Picked this gun up last week. Now I have to get it scoped and the yotes figured out. I am hearing good things about the Nikon BDC?


----------



## Bad Bub (Jan 17, 2006)

Buy the nikon coyote special. You won't be disappointed.

Outdoor Hub mobile, the outdoor information engine


----------



## buford2 (Dec 16, 2010)

have one on my shotgun, can't beat the optics and do like the groups at 100 yds it helps provide! i think cabelas still has 1 penny shipping if you buy clothing. get a cheap hat!


----------



## longshot (Feb 14, 2012)

Nikon BDC in a buckmaster would work just fine. Love mine on my rifle.


----------



## ezbite (May 25, 2006)

looking good. tell me about the trigger. thats the only thing stopping me from getting one. ive read some online stuff saying the trigger is gritty. my buddy has the R-25 (.308) and loves it and the trigger.
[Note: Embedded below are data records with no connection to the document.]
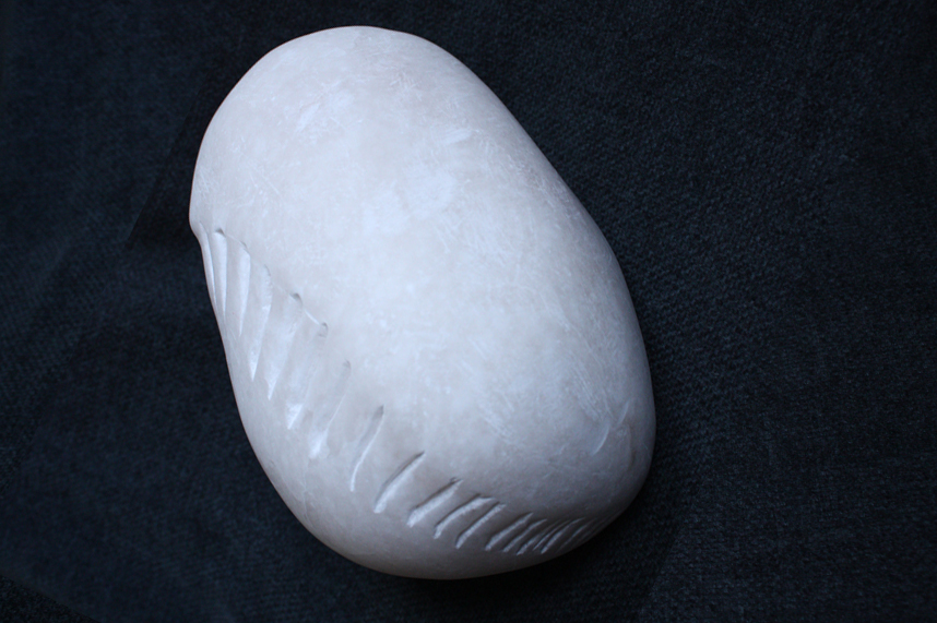 Con esta escultura de alabastro realizada en 2013 participé en la exposición colectiva “Jóvenes Artistas 2014” del Ayuntamiento de Pamplona en la Sala de Armas de la Ciudadela. La escultura mide 12,5 x 20 x 14,5 cm y actualmente reside en el salón de un hogar.
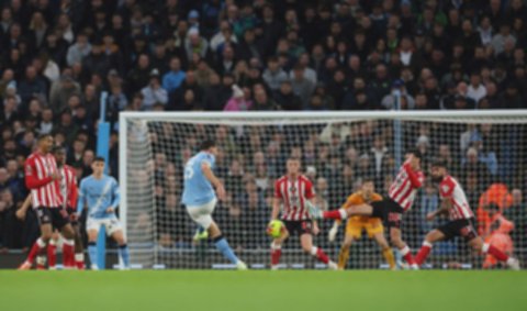 Man City bikin gol di menit ke-31. Sepakan keras Ruben Dias dari luar kotak penalti bersarang di gawang Sunderland.
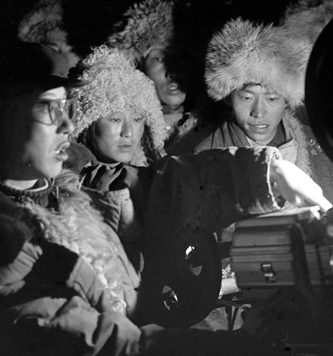 1964年,西藏安多縣的牧民們圍著電影放映機(jī),等待電影開演。川藏、青藏公路通車后,沿路地區(qū)面貌一新,曾經(jīng)荒僻的地方,居民們也能看到電影了。
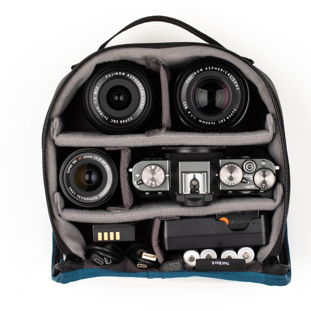 Pojemność: kamery GoPro®/Action, aparaty bezlusterkowe, obiektywy, lampy błyskowe, mikrofony, sprzęt audio, baterie, kable i akcesoria
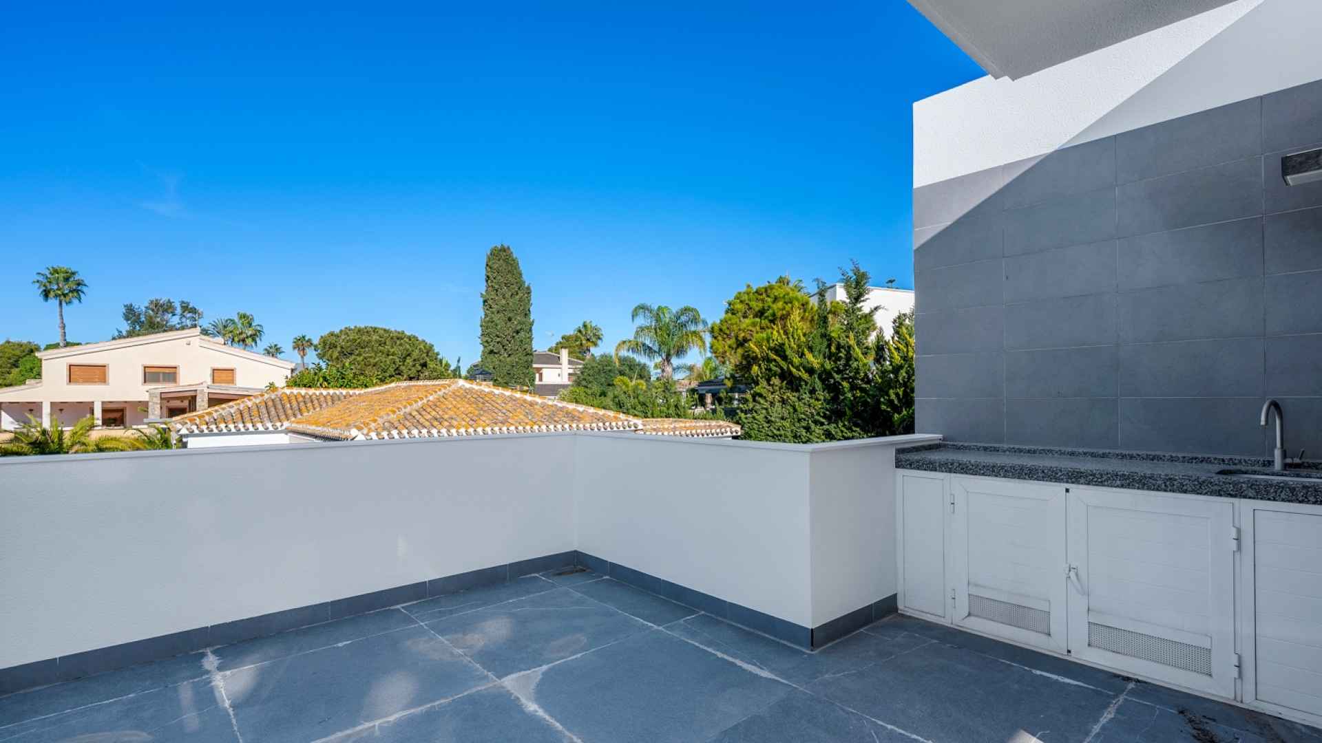 The solarium includes a sink and is prepared for a barbecue installation, making it an ideal space for relaxation and outdoor gatherings.

and c'mon give us a real photo, Buddy..  not some generic crap.lol.


----------



## bobk (Apr 30, 2004)

I haven't shot it yet Tom. I read some stuff on the trigger too. I know some guys put a 2 stage trigger on them. Guy at the gun shop has one and loves it. I will post a better picture when I get the scope on it. Going to try and pick up a scope in the next few days. I did like the buckmaster with the bdc. Going to look at the coyote special tomorrow. Just not sure I like all the circles, always been a crosshair guy.


----------



## ezbite (May 25, 2006)

bobk said:


> I haven't shot it yet Tom. I read some stuff on the trigger too. I know some guys put a 2 stage trigger on them. Guy at the gun shop has one and loves it. I will post a better picture when I get the scope on it. Going to try and pick up a scope in the next few days. I did like the buckmaster with the bdc. Going to look at the coyote special tomorrow. Just not sure I like all the circles, always been a crosshair guy.


i stayed away from the coyote special just for that reason. seem either people love or hate them.


----------



## Smallmouth Crazy (Apr 4, 2006)

Midway has some good deals on Leupold VariXlls this month.


----------



## Airborne4Life (May 3, 2011)

i just got this coyote killer on tuesday. cant sight it in till next weekend though.


----------



## lipripper03 (Nov 12, 2011)

what is it airborn


----------



## bobk (Apr 30, 2004)

I ended up putting a Vortex Viper 4-12X40 on the gun. Really liked the crisp glass of the scope. Hope to get it shooting this week.


----------



## ezbite (May 25, 2006)

That Looks good, I'm eagerly awaiting the range results [email protected]


----------